_Exercise goal_
Write out the records below exactly as they appear, skipping each picture.

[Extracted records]
•••••
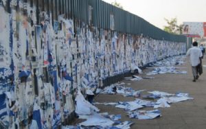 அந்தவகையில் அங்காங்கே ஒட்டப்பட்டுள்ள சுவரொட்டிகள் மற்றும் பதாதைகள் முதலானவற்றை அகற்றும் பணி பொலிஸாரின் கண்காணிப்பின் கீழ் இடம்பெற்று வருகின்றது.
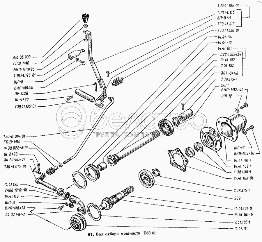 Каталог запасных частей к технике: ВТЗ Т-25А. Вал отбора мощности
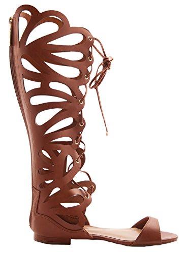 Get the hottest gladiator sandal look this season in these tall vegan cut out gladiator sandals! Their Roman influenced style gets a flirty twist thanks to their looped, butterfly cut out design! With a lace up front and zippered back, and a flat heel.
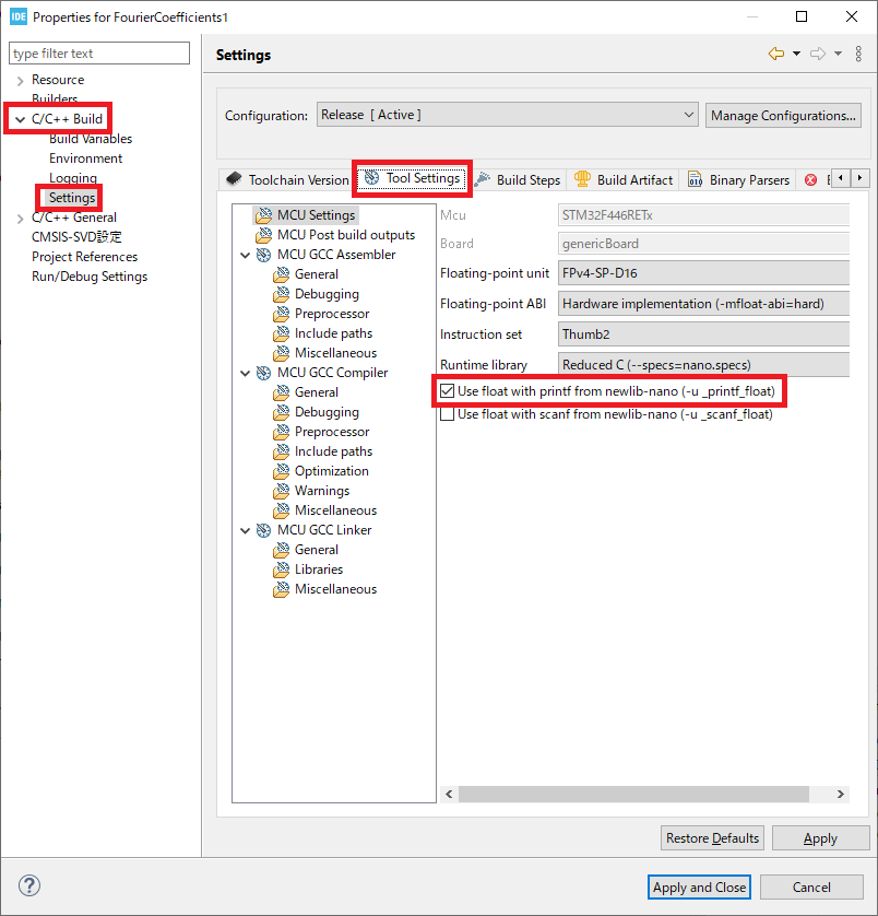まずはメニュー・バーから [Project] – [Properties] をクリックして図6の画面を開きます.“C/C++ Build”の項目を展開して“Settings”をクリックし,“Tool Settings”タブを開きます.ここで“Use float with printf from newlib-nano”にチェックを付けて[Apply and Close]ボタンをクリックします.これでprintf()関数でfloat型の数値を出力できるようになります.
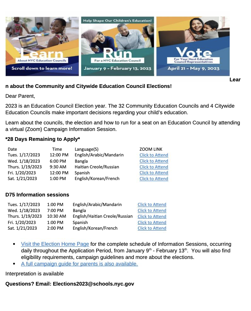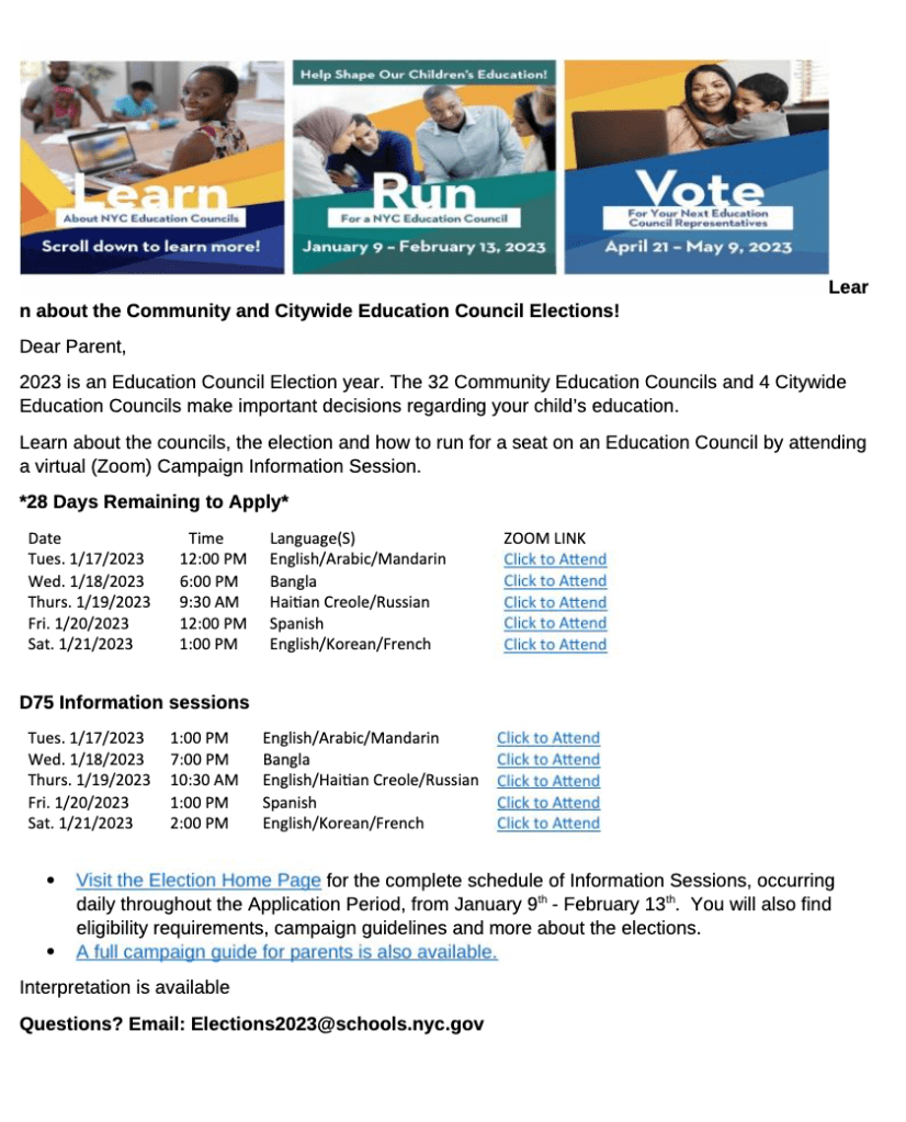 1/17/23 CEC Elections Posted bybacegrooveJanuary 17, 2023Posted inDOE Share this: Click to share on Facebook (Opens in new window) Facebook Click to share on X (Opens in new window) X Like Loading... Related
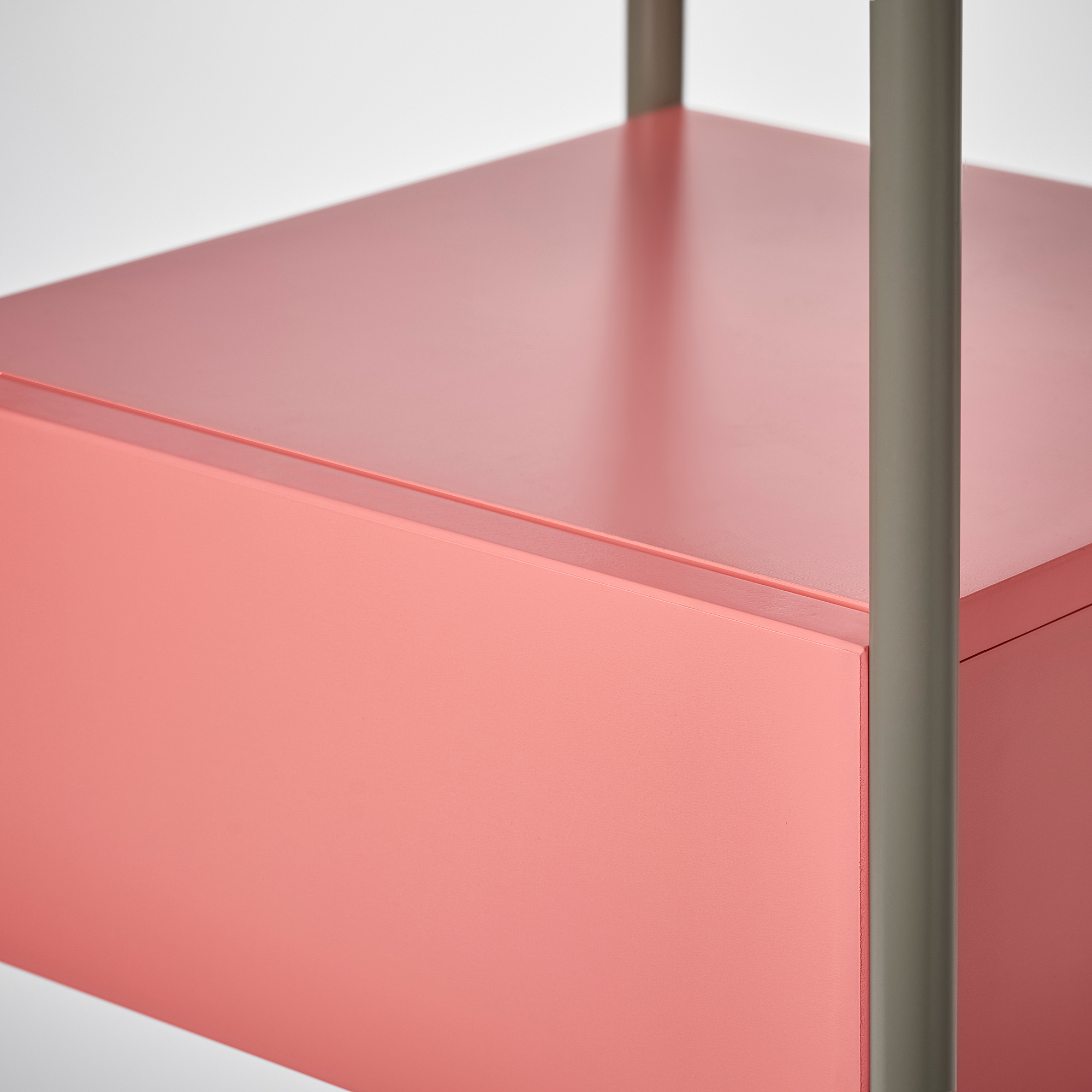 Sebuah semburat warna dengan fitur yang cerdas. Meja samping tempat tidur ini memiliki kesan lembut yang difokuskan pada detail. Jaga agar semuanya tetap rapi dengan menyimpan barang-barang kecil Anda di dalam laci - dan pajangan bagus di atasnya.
•••••
_Result for this exercise_
 அந்தவகையில் அங்காங்கே ஒட்டப்பட்டுள்ள சுவரொட்டிகள் மற்றும் பதாதைகள் முதலானவற்றை அகற்றும் பணி பொலிஸாரின் கண்காணிப்பின் கீழ் இடம்பெற்று வருகின்றது.
 Каталог запасных частей к технике: ВТЗ Т-25А. Вал отбора мощности
 Get the hottest gladiator sandal look this season in these tall vegan cut out gladiator sandals! Their Roman influenced style gets a flirty twist thanks to their looped, butterfly cut out design! With a lace up front and zippered back, and a flat heel.
まずはメニュー・バーから [Project] – [Properties] をクリックして図6の画面を開きます.“C/C++ Build”の項目を展開して“Settings”をクリックし,“Tool Settings”タブを開きます.ここで“Use float with printf from newlib-nano”にチェックを付けて[Apply and Close]ボタンをクリックします.これでprintf()関数でfloat型の数値を出力できるようになります.
 1/17/23 CEC Elections Posted bybacegrooveJanuary 17, 2023Posted inDOE Share this: Click to share on Facebook (Opens in new window) Facebook Click to share on X (Opens in new window) X Like Loading... Related
 Sebuah semburat warna dengan fitur yang cerdas. Meja samping tempat tidur ini memiliki kesan lembut yang difokuskan pada detail. Jaga agar semuanya tetap rapi dengan menyimpan barang-barang kecil Anda di dalam laci - dan pajangan bagus di atasnya.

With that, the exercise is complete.